Адама, Потопа и осквернителей стены. Может быть, один из мадианитян
оставил дома свою лопатку, от чего и произошла вся беда. Да впрочем, это
и неважно. Главное - сама беда и та мораль, которую она предлагает в
поучение современным христианам, дабы возвысить их души.

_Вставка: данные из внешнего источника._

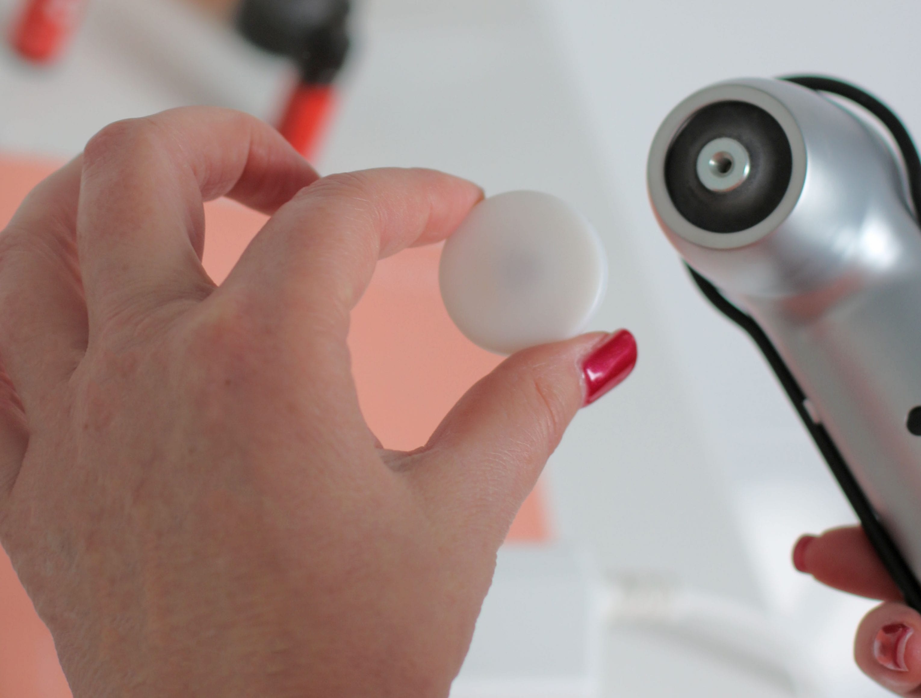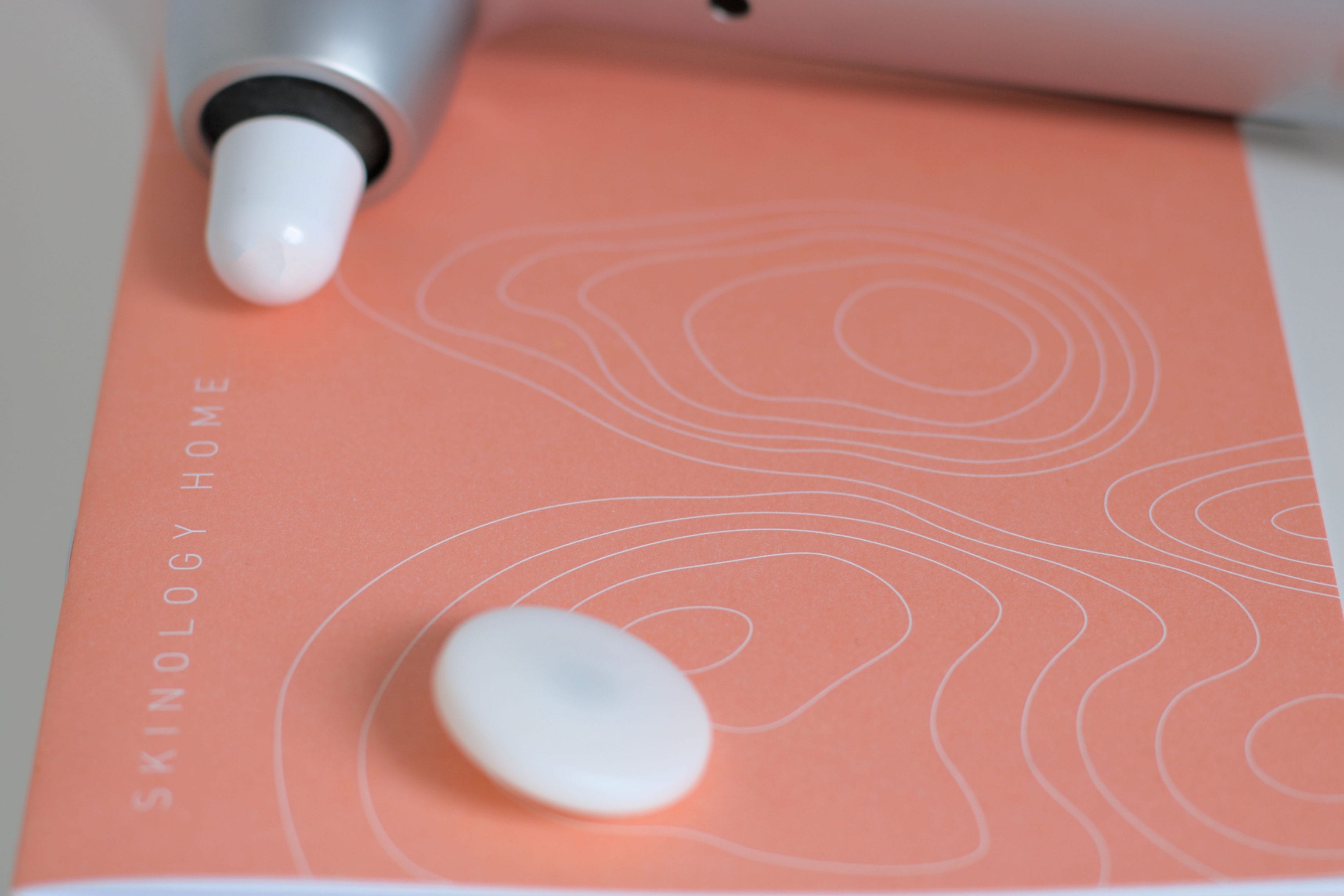 SKINOLOGY lässt sich in 3 einfachen Schritten anwenden und ist schnell erklärt. Hauptakteur ist das Novafon Schallwellengerät und 2 auswechselbare Behandlungsaufsätze, dem Teller- und dem Kugelaufsatz:

Бог начертал на каменных скрижалях: "Не убий!" И еще: "Не
прелюбодействуй!"
Апостол Павел, повинуясь божественному внушению, рекомендовал вообще
отказаться от всякой половой жизни. Со времен мадианитского инцидента
божьи взгляды явно претерпели значительное изменение.
ПИСЬМО ОДИННАДЦАТОЕ
Человеческая история всех веков обагрена кровью, запятнана
ненавистью и осквернена зверствами, но в послебиблейские времена в ней
все же заметны кое-какие ограничения. Даже Церковь, которая, насколько
известно, пролила со времени установления своего господства больше
невинной крови, чем ее было пролито во всех политических войнах, вместе
взятых, все же себя ограничивала. Немного, но ограничивала. Однако
заметьте - когда Господь Бог. Повелитель небес и земли, обожаемый Отец
человека, отправляется воевать, он не признает никаких ограничений. Он
начисто лишен милосердия - он, которого называют Источником милосердия.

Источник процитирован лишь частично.